• [EXERCISE OBJECTIVE]:
The data below holds the lines to copy: everything from the line containing "מדען מוביל אבל" to the line containing "約10畳の個室 (トイレ、洗面台付)", both ends included, set down exactly.

• [DATASET EXCERPTS]:
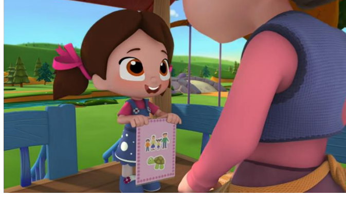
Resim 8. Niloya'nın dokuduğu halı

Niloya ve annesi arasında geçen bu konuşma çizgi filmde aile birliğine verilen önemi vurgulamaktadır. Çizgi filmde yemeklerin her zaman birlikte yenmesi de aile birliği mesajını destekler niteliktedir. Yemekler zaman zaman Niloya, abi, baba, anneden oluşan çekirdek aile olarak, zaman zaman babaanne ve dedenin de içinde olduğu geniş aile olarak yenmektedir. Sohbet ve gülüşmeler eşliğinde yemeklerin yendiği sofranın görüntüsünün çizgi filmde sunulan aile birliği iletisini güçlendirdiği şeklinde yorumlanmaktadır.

* * *

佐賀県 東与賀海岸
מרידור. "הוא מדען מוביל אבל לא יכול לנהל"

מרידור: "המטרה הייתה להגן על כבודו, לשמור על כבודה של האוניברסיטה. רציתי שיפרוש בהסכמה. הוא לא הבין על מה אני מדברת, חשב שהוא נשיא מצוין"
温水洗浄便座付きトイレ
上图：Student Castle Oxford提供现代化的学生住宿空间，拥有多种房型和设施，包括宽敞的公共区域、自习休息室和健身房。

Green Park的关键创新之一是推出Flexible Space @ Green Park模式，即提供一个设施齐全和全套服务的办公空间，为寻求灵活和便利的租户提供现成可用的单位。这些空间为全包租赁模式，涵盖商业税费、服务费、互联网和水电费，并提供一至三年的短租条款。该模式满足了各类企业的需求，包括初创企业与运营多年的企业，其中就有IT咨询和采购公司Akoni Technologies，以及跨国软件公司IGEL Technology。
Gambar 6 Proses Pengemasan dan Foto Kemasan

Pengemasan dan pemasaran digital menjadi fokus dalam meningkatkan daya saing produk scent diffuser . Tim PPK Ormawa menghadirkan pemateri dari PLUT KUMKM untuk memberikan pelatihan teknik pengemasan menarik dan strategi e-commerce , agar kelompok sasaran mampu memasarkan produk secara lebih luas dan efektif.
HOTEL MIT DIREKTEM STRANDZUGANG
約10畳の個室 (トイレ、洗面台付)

• [EXERCISE RESULT]:
מרידור. "הוא מדען מוביל אבל לא יכול לנהל"

מרידור: "המטרה הייתה להגן על כבודו, לשמור על כבודה של האוניברסיטה. רציתי שיפרוש בהסכמה. הוא לא הבין על מה אני מדברת, חשב שהוא נשיא מצוין"
温水洗浄便座付きトイレ
上图：Student Castle Oxford提供现代化的学生住宿空间，拥有多种房型和设施，包括宽敞的公共区域、自习休息室和健身房。

Green Park的关键创新之一是推出Flexible Space @ Green Park模式，即提供一个设施齐全和全套服务的办公空间，为寻求灵活和便利的租户提供现成可用的单位。这些空间为全包租赁模式，涵盖商业税费、服务费、互联网和水电费，并提供一至三年的短租条款。该模式满足了各类企业的需求，包括初创企业与运营多年的企业，其中就有IT咨询和采购公司Akoni Technologies，以及跨国软件公司IGEL Technology。
Gambar 6 Proses Pengemasan dan Foto Kemasan

Pengemasan dan pemasaran digital menjadi fokus dalam meningkatkan daya saing produk scent diffuser . Tim PPK Ormawa menghadirkan pemateri dari PLUT KUMKM untuk memberikan pelatihan teknik pengemasan menarik dan strategi e-commerce , agar kelompok sasaran mampu memasarkan produk secara lebih luas dan efektif.
HOTEL MIT DIREKTEM STRANDZUGANG
約10畳の個室 (トイレ、洗面台付)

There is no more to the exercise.